When my thoughts raced back to the figure I’d seen lurking outside the diner, I felt like kicking myself. How could I have assumed that what I saw was anything other than a suspicious bystander, or maybe even Slim himself? Someone who'd seen us leave a body-sized package behind the bar and called the cops. I tipped my head, ears straining expectantly for the call of approaching sirens.


“There will be no police,” the doctor declared, reading my thoughts. Or maybe he was just good at reading body language. If I had a mirror, I probably could have held it up to my face and seen the evidence of all that had gone on this evening written clearly across my forehead. The doctor’s face contorted strangely in what I could only assume was the unpracticed imitation of a smile. Then he said, “We . . . interceded.”


“We?” I asked, but I knew no answer would be forthcoming. All I got in reply was a slow, dismissive blink from the man before me . . . a man I knew for sure was no doctor.


Then he said, “Mother knows best,” and repeated himself as if I’d somehow been able to miss it. “Mother knows best. You boys interrupted something that was taking place, and now it’s time to let the process resume. Ted is not dead. He is very much alive. But I can’t tell you the extent of the spiritual and psychological damage he may suffer if he isn’t brought home to his mother at once.”
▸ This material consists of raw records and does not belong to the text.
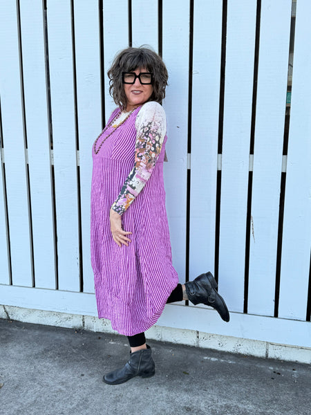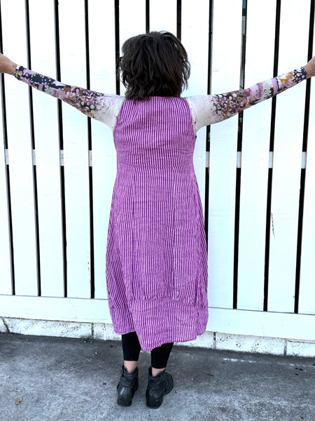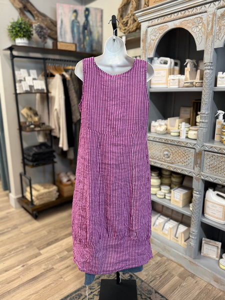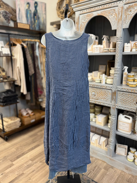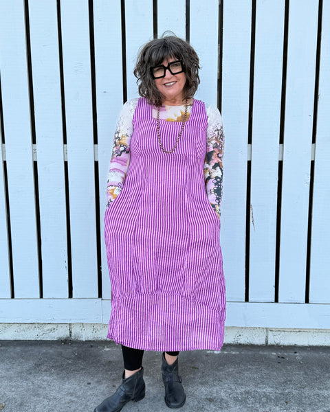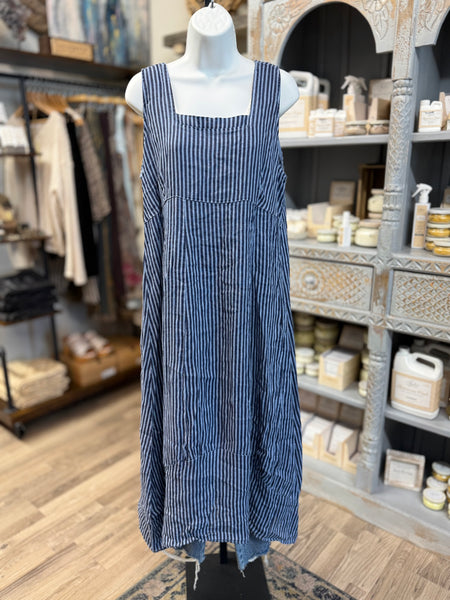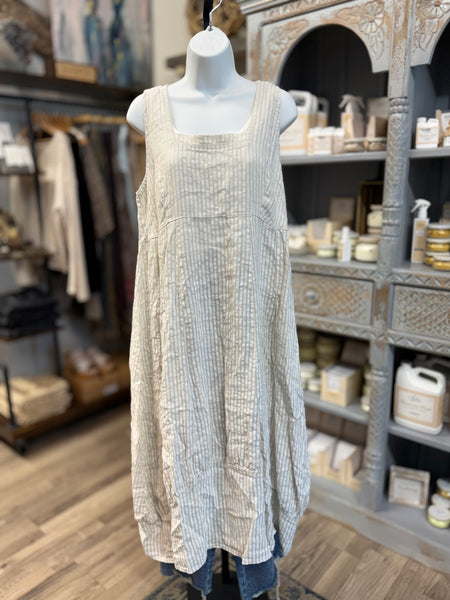 the Essential Stripe Linen Dress is the definition of easy, artful dressing. Made from lightweight, breathable linen, this piece features a relaxed A-line silhouette with a softly structured bodice and gentle flare through the hem. The vertical stripe pattern elongates the body while adding timeless visual interest — a go-to for women who love boho layering dresses, lagenlook style, and effortless everyday comfort.
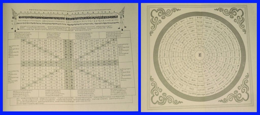 Если читать верхнюю строку по прямой, то первый слог «де» в верхнем левом углу становится частью слова «девар» («блаженно»), и строка восхваляет реализацию Ньямме Шераба Гьялцена Ринпоче.
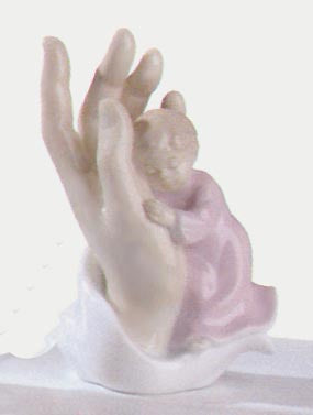 A young girl rests secure in the palm of God's hand. This beautiful figurine makes an great Baptism gift or special gift for a young child. The figurine was inspired by Isaiah 49:15-16 ("See, upon the palms of my hands I have written your name; your walls are ever before me."), and is finished in soft colors with a high polished glaze.
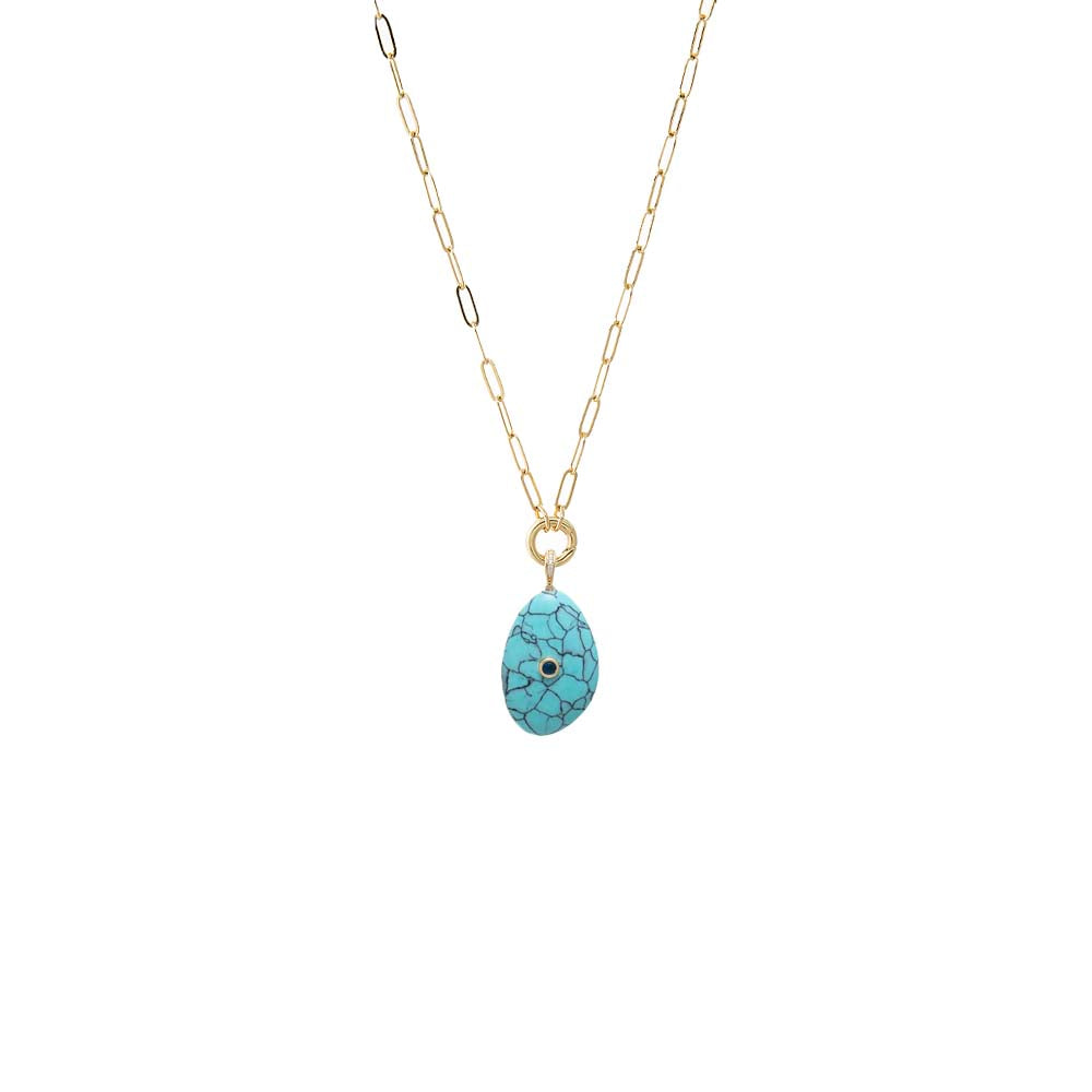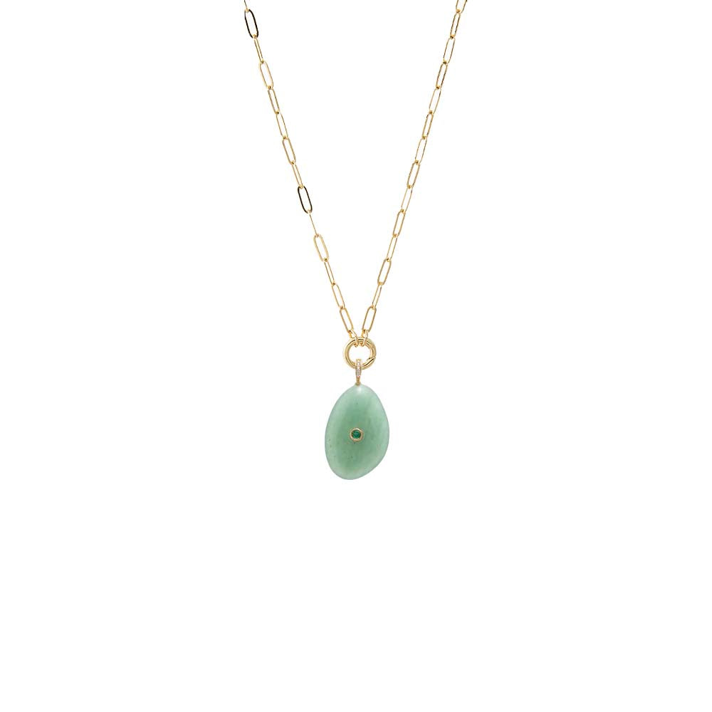 The Colored CZ Bezel Natural Stone & Clicker Toggle Necklace by Adina Eden delivers all-day shine in a sleek Necklace silhouette. Shine your way with this women's pendant necklace, crafted with love and available in Tiger Eye, Malachite, Turquoise, Onyx, Aqua, Jade Green, Rose Quartz and Lapis. Whether you're grabbing coffee or dressing up for dinner, this piece adapts to your mood, your outfit, and your pace—no questions asked. Complement this gold plated pendant necklace with selections from the Tennis Necklaces collection to make your everyday styling effortless. A quiet standout that never feels like it's trying too hard.

At that moment, something in me wilted. Possibly it was the stress of running all night from an unavoidable fate; or perhaps it was the running around itself . . . god knew, this was the most exercise I’d had in a single day in years, and I suspected that only my obligation to my best friend had kept me going when all I’d really wanted to do was go home and sleep for fourteen hours straight.


I turned back to Ted, who now had the phone pulled away from his ear and was holding it out to me. “Momma wants to talk to you,” he said.


Pressing the phone against my ear, I uttered a barely audible “Hello” and listened as Mrs. Nelson’s suddenly calm, soothing voice gnawed into the final straw of my resistance: “It’s time to bring Ted home now,” she said. “He’s been through enough. You are a great friend to him and always have been, but he’s sick and he needs his mother. I can help him.”


I started to speak -- to protest, to ask her what the hell was going on -- but she cut me off abruptly. When she did, her voice took on a startling timbre, and the words she spoke sounded more like a growl than a command: “Bring him home. Now.”


A gasp erupted from my throat before I could contain it, and as soon as it did, I knew I’d shown my hand. I was terrified, and she knew it. The doctor knew it. Ted knew it. And now that I knew it, the final wall of my resolve crumbled. All that I could do now, aside from holding myself and Ted up long enough to get him home, was comply.


“Okay,” I said.


When I went to hand the phone back to the doctor, he was gone. Just then a voice, unheard by my ears but distinctly sensed and understood somewhere deep within me, spoke the words: The Devil sends his regards.


A chill coursed through me, an icy finger that raked upward from the small of my back to the base of my spine. Where had I heard those words before? In a song, or a dream, or a thought not yet crystallized? I didn’t know. All I knew was that I had to take Ted home. There was nothing else to do.